[Directions]: Only certain lines below are wanted: those starting at the line containing "N° 261·[CORSE] —" and ending at the line containing "Si terrà Venerdì", both included, each retyped exactly.

[Input data]:
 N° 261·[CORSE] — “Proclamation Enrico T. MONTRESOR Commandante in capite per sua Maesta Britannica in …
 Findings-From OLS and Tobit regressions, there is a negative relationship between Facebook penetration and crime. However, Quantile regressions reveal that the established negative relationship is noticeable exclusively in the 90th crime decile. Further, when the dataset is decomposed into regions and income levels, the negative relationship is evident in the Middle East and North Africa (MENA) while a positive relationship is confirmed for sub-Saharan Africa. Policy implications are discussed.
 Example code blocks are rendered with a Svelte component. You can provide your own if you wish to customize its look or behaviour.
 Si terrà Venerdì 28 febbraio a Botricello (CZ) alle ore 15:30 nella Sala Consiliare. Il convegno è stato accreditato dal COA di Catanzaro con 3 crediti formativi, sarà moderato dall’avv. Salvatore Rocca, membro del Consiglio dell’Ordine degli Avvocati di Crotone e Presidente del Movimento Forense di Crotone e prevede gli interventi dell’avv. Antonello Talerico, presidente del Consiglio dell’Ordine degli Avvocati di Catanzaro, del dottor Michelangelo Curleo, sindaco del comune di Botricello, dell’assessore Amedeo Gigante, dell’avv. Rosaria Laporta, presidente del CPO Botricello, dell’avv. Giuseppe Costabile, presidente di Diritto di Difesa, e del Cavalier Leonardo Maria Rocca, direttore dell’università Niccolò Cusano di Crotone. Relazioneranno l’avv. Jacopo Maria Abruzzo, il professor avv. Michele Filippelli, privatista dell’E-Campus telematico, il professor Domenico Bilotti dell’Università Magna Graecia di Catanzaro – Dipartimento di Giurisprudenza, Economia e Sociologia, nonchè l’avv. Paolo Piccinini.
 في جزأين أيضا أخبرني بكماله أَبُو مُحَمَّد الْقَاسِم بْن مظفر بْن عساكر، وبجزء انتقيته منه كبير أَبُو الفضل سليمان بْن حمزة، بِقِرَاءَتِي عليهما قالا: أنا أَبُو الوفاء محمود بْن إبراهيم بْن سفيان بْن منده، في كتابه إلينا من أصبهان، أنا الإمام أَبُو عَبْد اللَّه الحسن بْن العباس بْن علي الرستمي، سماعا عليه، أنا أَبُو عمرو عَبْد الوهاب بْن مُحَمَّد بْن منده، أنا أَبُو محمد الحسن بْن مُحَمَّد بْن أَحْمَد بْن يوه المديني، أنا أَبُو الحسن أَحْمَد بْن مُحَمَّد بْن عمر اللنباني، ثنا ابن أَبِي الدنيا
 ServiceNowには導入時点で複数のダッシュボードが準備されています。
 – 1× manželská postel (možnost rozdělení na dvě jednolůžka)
...
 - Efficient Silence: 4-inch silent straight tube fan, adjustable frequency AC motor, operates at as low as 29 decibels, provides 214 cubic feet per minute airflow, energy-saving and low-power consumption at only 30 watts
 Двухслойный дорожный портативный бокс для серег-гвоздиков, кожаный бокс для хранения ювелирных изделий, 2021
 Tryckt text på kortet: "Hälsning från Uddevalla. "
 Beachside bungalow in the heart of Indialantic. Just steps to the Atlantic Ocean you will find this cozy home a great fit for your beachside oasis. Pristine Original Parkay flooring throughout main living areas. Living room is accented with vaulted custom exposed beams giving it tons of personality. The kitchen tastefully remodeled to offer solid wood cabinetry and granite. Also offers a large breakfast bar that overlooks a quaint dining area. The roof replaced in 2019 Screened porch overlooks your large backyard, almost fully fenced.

[Task solution]:
 N° 261·[CORSE] — “Proclamation Enrico T. MONTRESOR Commandante in capite per sua Maesta Britannica in …
 Findings-From OLS and Tobit regressions, there is a negative relationship between Facebook penetration and crime. However, Quantile regressions reveal that the established negative relationship is noticeable exclusively in the 90th crime decile. Further, when the dataset is decomposed into regions and income levels, the negative relationship is evident in the Middle East and North Africa (MENA) while a positive relationship is confirmed for sub-Saharan Africa. Policy implications are discussed.
 Example code blocks are rendered with a Svelte component. You can provide your own if you wish to customize its look or behaviour.
 Si terrà Venerdì 28 febbraio a Botricello (CZ) alle ore 15:30 nella Sala Consiliare. Il convegno è stato accreditato dal COA di Catanzaro con 3 crediti formativi, sarà moderato dall’avv. Salvatore Rocca, membro del Consiglio dell’Ordine degli Avvocati di Crotone e Presidente del Movimento Forense di Crotone e prevede gli interventi dell’avv. Antonello Talerico, presidente del Consiglio dell’Ordine degli Avvocati di Catanzaro, del dottor Michelangelo Curleo, sindaco del comune di Botricello, dell’assessore Amedeo Gigante, dell’avv. Rosaria Laporta, presidente del CPO Botricello, dell’avv. Giuseppe Costabile, presidente di Diritto di Difesa, e del Cavalier Leonardo Maria Rocca, direttore dell’università Niccolò Cusano di Crotone. Relazioneranno l’avv. Jacopo Maria Abruzzo, il professor avv. Michele Filippelli, privatista dell’E-Campus telematico, il professor Domenico Bilotti dell’Università Magna Graecia di Catanzaro – Dipartimento di Giurisprudenza, Economia e Sociologia, nonchè l’avv. Paolo Piccinini.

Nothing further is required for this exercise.